Però (c’è sempre un però in agguato nella mia testa) adoro i passages, quelle gallerie coperte che si aprono all’improvviso tra l’ingresso di un palazzo e quello di un ristorante, coperte da soffitti in vetro che portano il cielo in una stanza, con i pavimenti lucidi che ti invitano ad accennare qualche passo di danza, fiancheggiate da negozi, bistrot e persino hotel, le cui insegne si affollano le une contro le altre, in un’allegra confusione che allieta lo spirito.
E dalle parti dei Grands Boulevards di passages ce ne sono tanti. Ecco perché ogni tanto, quando mi va di perdermi in un’ atmosfera speciale, in una Parigi diversa, sospesa nel tempo, faccio una capatina da quelle parti, canticchiando la canzone di Montand. E non rimango mai delusa.
Uno dei passage che amo di più è il Jouffroy, al 10 di Boulevard Montmartre, pieno di piccoli negozi, alcuni un tantino stravaganti, altri alla moda, dove si possono trovare oggetti impensabili, nuovi, vecchi, un po’ ammaccati, ma tutti con un’anima e con una personalità decisa.

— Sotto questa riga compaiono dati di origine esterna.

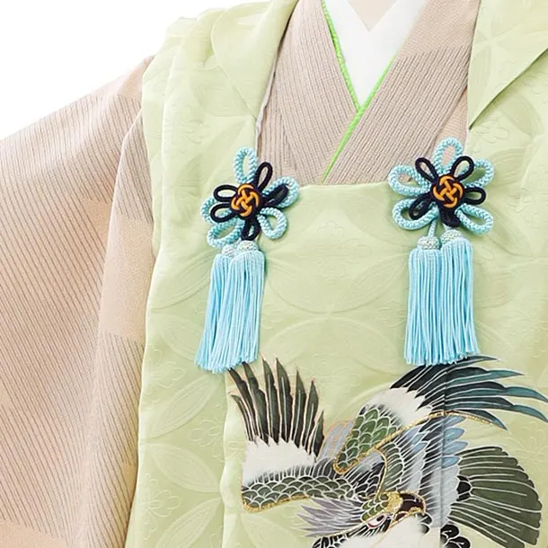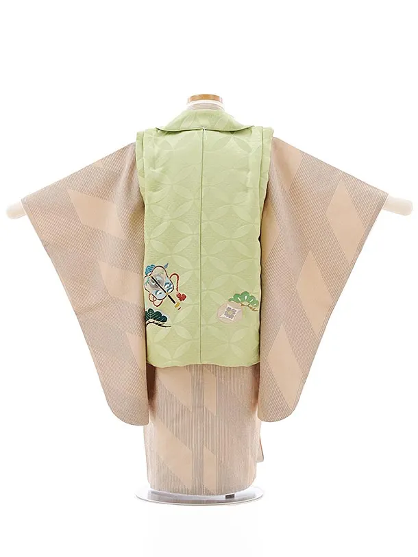 七五三レンタル(3歳男児被布)2739【正絹】ひわ色鷹×ベージュ斜格子

Il primo a essere costruito interamente in vetro e ferro, con pavimento riscaldato (un vero lusso per l’epoca) ed elementi decorativi in legno, il passage Jouffroy vide la luce nel 1846, un po’ più tardi rispetto ad altri suoi illustri parenti (qui l’articolo dedicato alla Galerie Vivienne).

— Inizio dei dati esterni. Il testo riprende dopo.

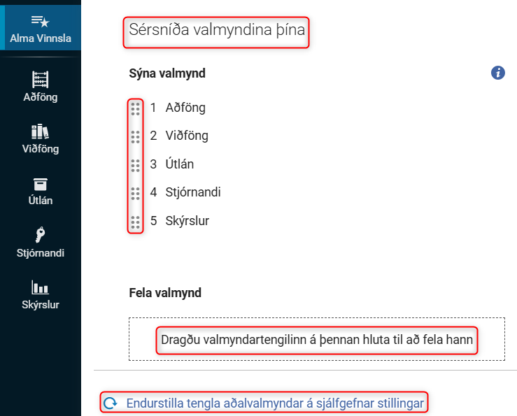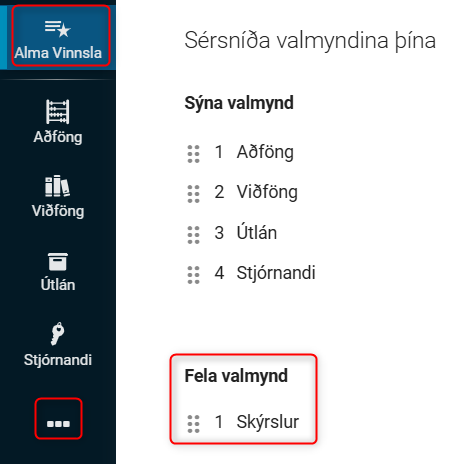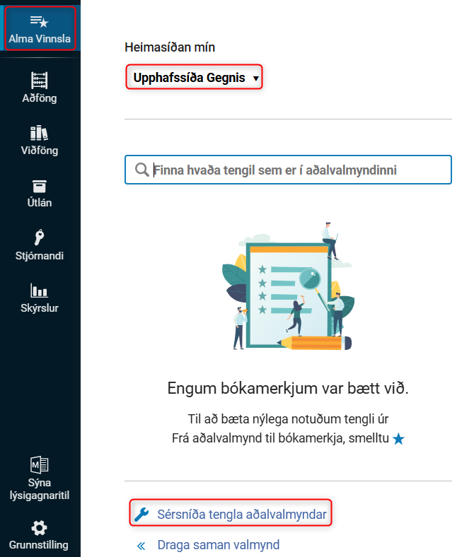 Mögulegt er að stilla vinstri valmyndina eftir eigin þörfum. Það er gert með því að smella á „Alma Vinnsla“ og „Sérsníða tengla aðalvalmyndar“.

La maggior parte dei passages couvertes, infatti, fu costruita nella prima metà del XIX secolo. Nacquero allo scopo di riparare dalle intemperie clienti agiati, proponendo loro un insieme eterogeneo di negozi dove fare spese. Una specie di centro commerciale ante litteram, insomma.

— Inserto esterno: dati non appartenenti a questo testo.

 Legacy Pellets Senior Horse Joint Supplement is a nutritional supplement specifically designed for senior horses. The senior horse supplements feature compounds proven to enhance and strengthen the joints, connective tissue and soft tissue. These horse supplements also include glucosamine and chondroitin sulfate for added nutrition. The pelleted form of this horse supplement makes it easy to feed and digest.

Attorno al 1850, Parigi contava non meno di centocinquanta passages, ma l’urbanizzazione feroce di Haussmann e la concorrenza di un nuovo genere di negozio, il grande magazzino, portò alla scomparsa della maggior parte di essi. Ne sono rimasti soltanto ventiquattro, salvati da una qualche congiuntura favorevole.
E così oggi potete entrare nel passage Jouffroy e perdervi nella Librairie du passage, specializzata in libri d’arte rari, ma che vende anche bellissime stampe, comprare una fotografia in bianco e nero di Parigi elegantemente incorniciata da Paris est une photo, spingere la porta di Pain d’ Epices e decidere che non potete fare a meno di una casa di bambola o di un orso di pezza (negozio altamente pericoloso da cui è difficile uscire senza aver comprato nulla), scegliere un minerale o un fossile per la vostra collezione da Amour de Pierres (che ha anche dei gioielli molto carini, gli accompagnatori, mariti o fidanzati, sono avvisati), visitare il museo Grévin e le sue famose statue di cera facendo finta di spaventarvi, sedervi a prendere un tè a Le Valentin, dopo aver ammirato la vetrina dei dolci per almeno un quarto d’ora cercando di sceglierne uno (meglio due), passare una notte nel delizioso Hôtel Chopin, che è lì dall’inaugurazione del passage, in una piccola stanza con vista sui tetti di Parigi o semplicemente passeggiare al riparo dalla confusione.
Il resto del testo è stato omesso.